“One way is to pass a law by two-thirds over the President’s veto, prescribing the conditions of reconstruction of any State government, and declaring none republican in form which excludes negroes from voting. Such a law the President will be obliged to obey and execute.… The other mode of solving the problem, over the head of the President, is to pass an Amendment of the Constitution prescribing universal suffrage.… We have the requisite majority to pursue either of these plans; but is there nerve for the work? I have too often failed to inspire my political friends with that elevated sense of their own authority to dictate the course of affairs, to be sanguine of success in measures which require so much unity, energy, and singleness of purpose as these. The last Congress was not equal to it; is the present Congress?… Now do me the favor to give me your views as fully as I have given you mine.

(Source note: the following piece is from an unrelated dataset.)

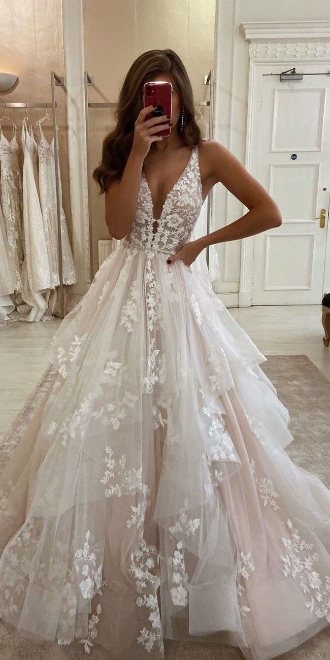GGD0046,white sleeveless v-neck applique ruffles tulle lace long wedding dresses

I trust you are not, as I am, in despair.”[248]

In the course of the summer a pamphlet was published in Boston, entitled “Security and Reconciliation for the Future: Propositions and Arguments on the Reorganization of the Rebel States,”—being a collection of resolutions by Mr. Sumner, with the article in the Atlantic Monthly,[249] the speech on the admission of Senators from Arkansas,[250] and the Louisiana debate.[251] The large edition of this collection drew attention, and helped prepare for the speech at the State Convention. A few extracts will show its reception.


Dr. George B. Loring, the agriculturist, afterwards Chairman of the State Committee of the Republican party in Massachusetts, and President of the Massachusetts Senate, wrote from Salem:—

“I only wish all our statesmen had taken the ground adopted by yourself; it would have saved us infinite trouble. It entitles you to eternal thanks, and receives daily more and more assent.”

Hon. John C. Underwood, District Judge of the United States, wrote from Alexandria, Va.:—

“I have read your collected arguments on the subject of Reconstruction with great pleasure and profit. Let me thank you for convincing me, very much against my will, that to allow immediate representation to the Rebel States would be a cruel breach of faith and honor to the freedmen, and that we of the South must be just to these poor people, and submit to a genuine republican government, before we deserve admission again into the American family. I trust no petty personal ambition will prevent my full appreciation of the immensely important work for our country and humanity which you have so well performed.”

Hon. Charles Eames, the able lawyer and scholar, former Commissioner to the Sandwich Islands, and Minister at Venezuela, residing in Washington, wrote from the sea-shore at Long Branch:—

“It is a noble monumental record, worthy both of the subject and of the Senator, and which will stand a landmark in our parliamentary history. Every new day, as it comes, brings new attestation of your wisdom and foresight, and of the truthful views which from the first, and almost, if not altogether, alone in Congress, you took and faithfully expounded on the whole question of Reconstruction. The idea of hurrying these lately Rebel communities into participation in the enactment and administration of our laws seems to me the most absurd blunder ever perpetrated in history, with the possible exception of that earlier and still more monstrous enormity of error which assigned to them the right to give by silence a negative vote on the purposed change of our fundamental law.”